I don't know if that's worth fretting over. Hasn't been caused any problem that I'm aware of. Just throwing out whatever I can that might be suspicious.
Comment 3 Gregg Casillo 2005-01-20 14:34:01 UTC
Now I very much feel this is related to Samba. I just started the Samba service on the machine that encoded some files last night. The share mounted, and I attempted to copy some file to my laptop across the network. I got a couple files, but then the machine froze. Went to the physical machine itself and attempted to login: it was locked up tight.

I'm going to stop Samba services on each of my encoders and see if I can make it through the weekend. If I can, then I'm going to point the finger at Samba. I have had version 3.0.9-r1 installed, and I recently updated to 3.0.10 on most if not all of them. This problem has spanned installation of both versions for me.

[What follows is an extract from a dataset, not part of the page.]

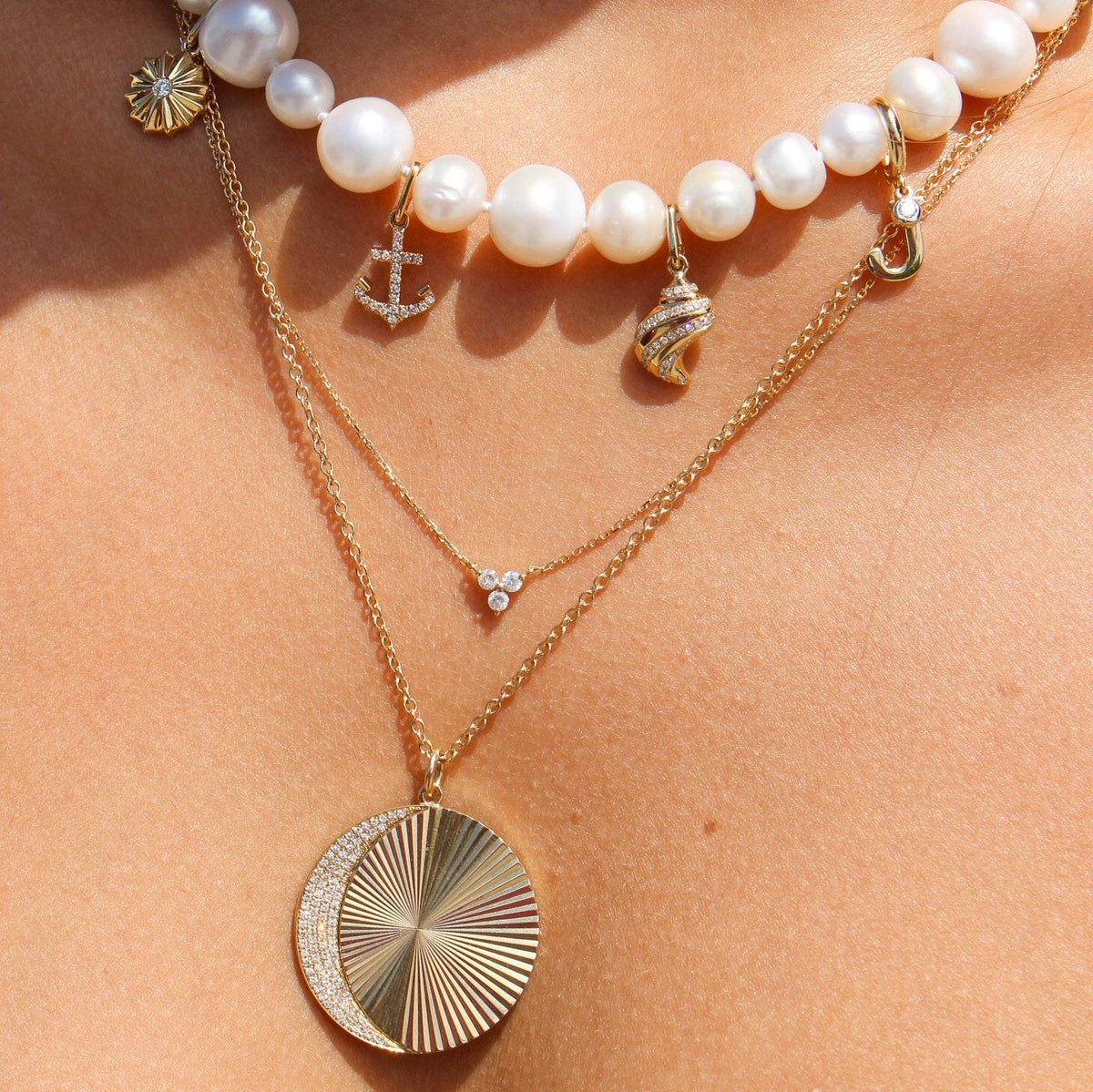This Gold Diamond Seashell Charm by Monisha Melwani beautifully captures the essence of the ocean with its elegant seashell design. Crafted in luxurious 14K yellow gold and adorned with sparkling diamonds, this charm is perfect for adding a touch of coastal elegance to any necklace or bracelet.

Comment 4 Gregg Casillo 2005-01-20 16:26:40 UTC
It just occurred to me that I didn't supply the link to the forums thread:
http://forums.gentoo.org/viewtopic.php?t=282362
Comment 5 Gregg Casillo 2005-01-25 17:57:12 UTC
Alright, I restarted Samba services on my MPEG encoders after making a change to FlipFactory. I was using regular "Network Folder" monitor as opposed to "Network Folder (Samba)." In short, FF is now using Samba protocols to access my shares instead of regular Windows networking (I think). No drive failures in two days now.

This would appear to be a FlipFactory/Samba bug, not something in Gentoo Linux. I should have used the Samba related monitor instead of the vanilla network folder monitor.
Comment 6 Daniel Drake (RETIRED) gentoo-dev 2005-01-28 03:52:43 UTC
Please report this to the relevant upstream developers.